Feds charge two men for the $400 million Bitcoin hack that took down Mt. Gox

The US federal government has charged two Russian nationals in connection with the series of hacks that brought down the Mt. Gox Bitcoin exchange in 2014. In a press release on Friday, the Department of Justice says it charged Alexey Bilyuchenko and Aleksandr Verner with conspiring to launder 647,000 Bitcoins stolen from the exchange, which was worth around $400 million at the time.

The government is separately charging Bilyuchenko for working with Alexander Vinnik — who the DOJ indicted in 2017 — for operating BTC-e, a now-defunct crypto exchange that served as “one of the primary ways by which cyber criminals around the world transferred, laundered, and stored the criminal proceeds of their illegal activities.”

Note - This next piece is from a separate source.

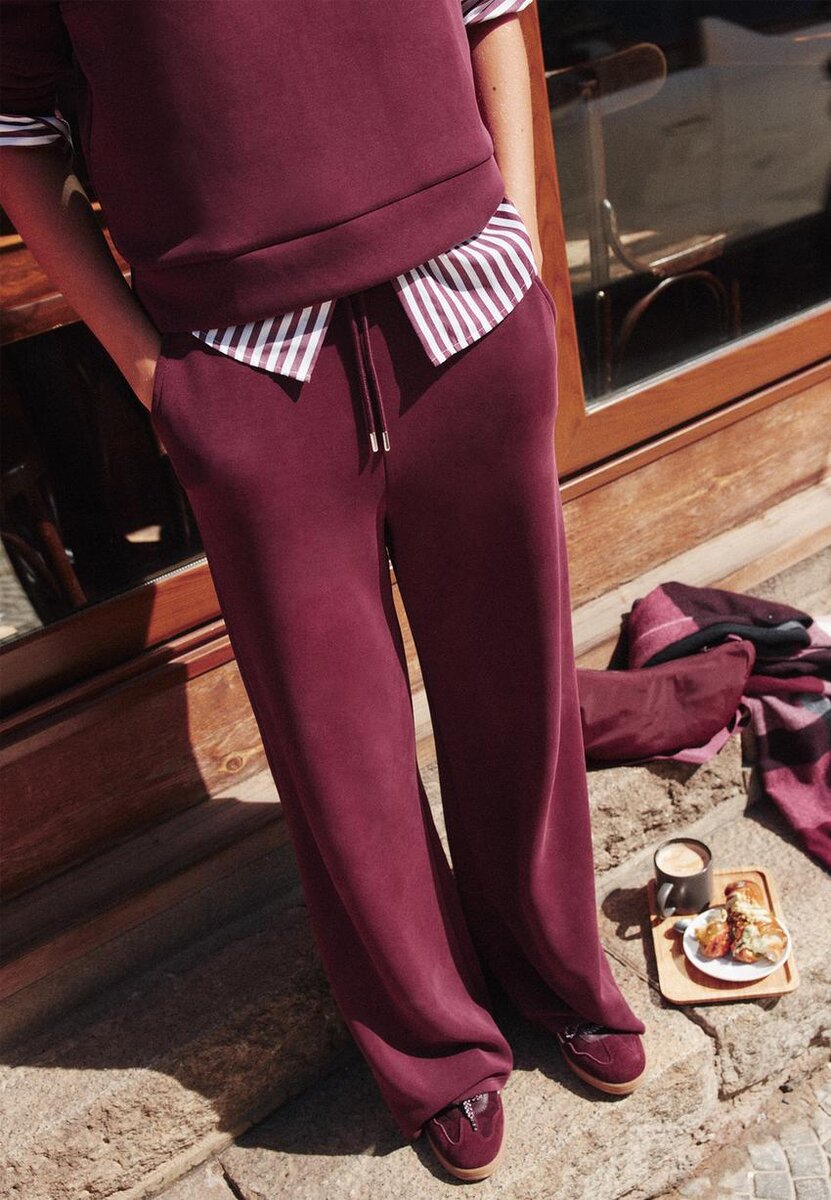 Pantalon palazzo jogger Toucher doux. Taille mi-haute et ceinture élastiquée avec cordons de serrage réglables. Poches latérales. Disponible en plusieurs couleurs.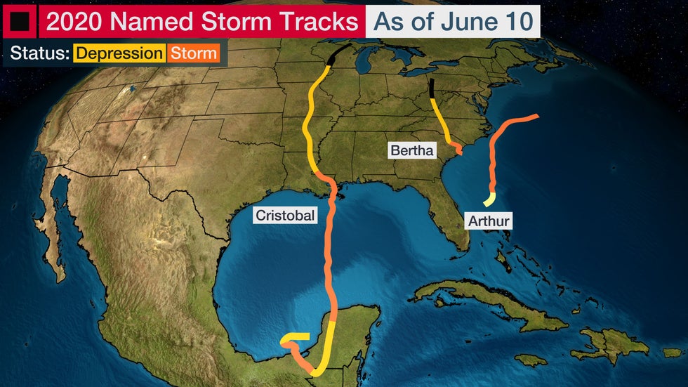 Arthur and Bertha were the first two named Atlantic storms of 2020, and they both formed in May.

At the time of Vinnik’s indictment, the government alleged that stolen funds from Mt. Gox passed through BTC-e and wallets associated with Vinnik. Now the DOJ alleges that Bilyuchenko, Verner, and other co-conspirators laundered over 300,000 Bitcoins that had been stolen from Mt. Gox as well.

“As alleged in the indictments, starting in 2011, Bilyuchenko and Verner stole a massive amount of cryptocurrency from Mt. Gox, contributing to the exchange’s ultimate insolvency,” Assistant Attorney General Kenneth A. Polite, Jr. says in a statement. “Armed with the ill-gotten gains from Mt. Gox, Bilyuchenko allegedly went on to help set up the notorious BTC-e virtual currency exchange, which laundered funds for cyber criminals worldwide.”

While Bilyuchenko faces charges with conspiracy to commit money laundering and operating an unlicensed money services business and over 20 years behind bars, Verner is charged with conspiracy to commit money laundering with a maximum penalty of 20 years in prison.